Appellant, the State Medical Board of Ohio (“Ohio Board”), appeals the decision of the Franklin County Court of Common Pleas, which reversed the Ohio Board's decision to revoke the license of appellee, Dr. Rocco P. Urella, Jr., to practice medicine and surgery in the state of Ohio. The Ohio Board sets forth a single assignment of error:
“The state medical board is not required to relitigate the acts underlying another state's disciplinary action when the board elects to take disciplinary action under its bootstrapping provision, R.C. 4731.22(B)(22), and the factual basis for the other state's charges are clearly violative of R.C. 4731.22(B)(3) and (6).”
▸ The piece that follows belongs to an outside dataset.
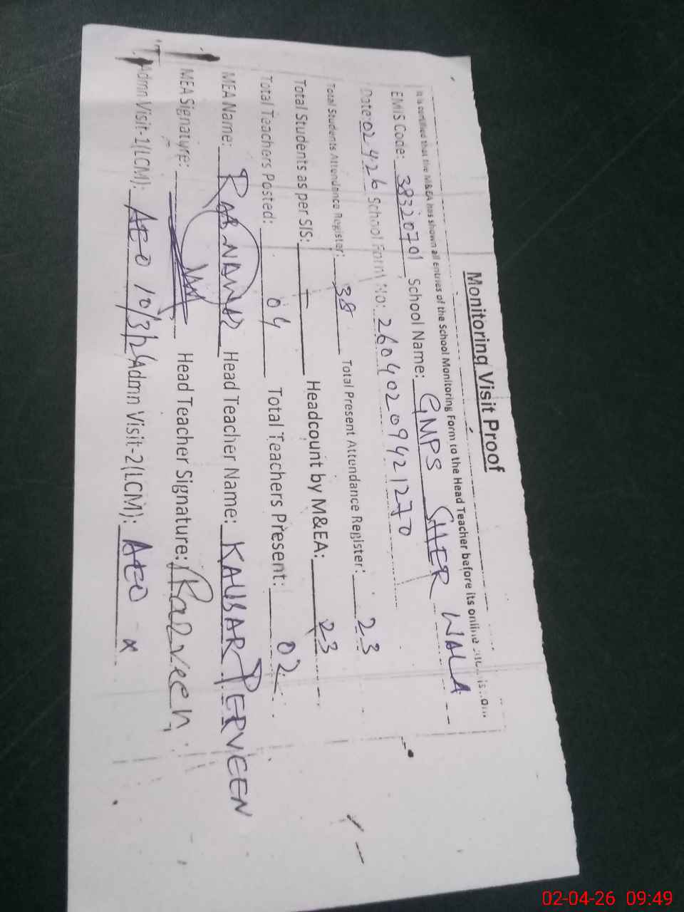 | Attendance Register | Head Teacher | MEA with School | Visit Proof |

Dr. Urella obtained licensure to practice medicine and surgery in Ohio in 1990. At that time, he was also licensed to practice medicine in New York, Pennsylvania, Indiana, and Kentucky. In October 1991, the New York State Board for Professional Medical Conduct (“New York Board”) conducted an investigative interview with Dr. Urella concerning allegations of professional misconduct centering around the death of a woman who was alleged to be Dr. Urella's patient and close friend. The New York Board also alleged that he inappropriately prescribed controlled substances to seven patients, including the deceased woman.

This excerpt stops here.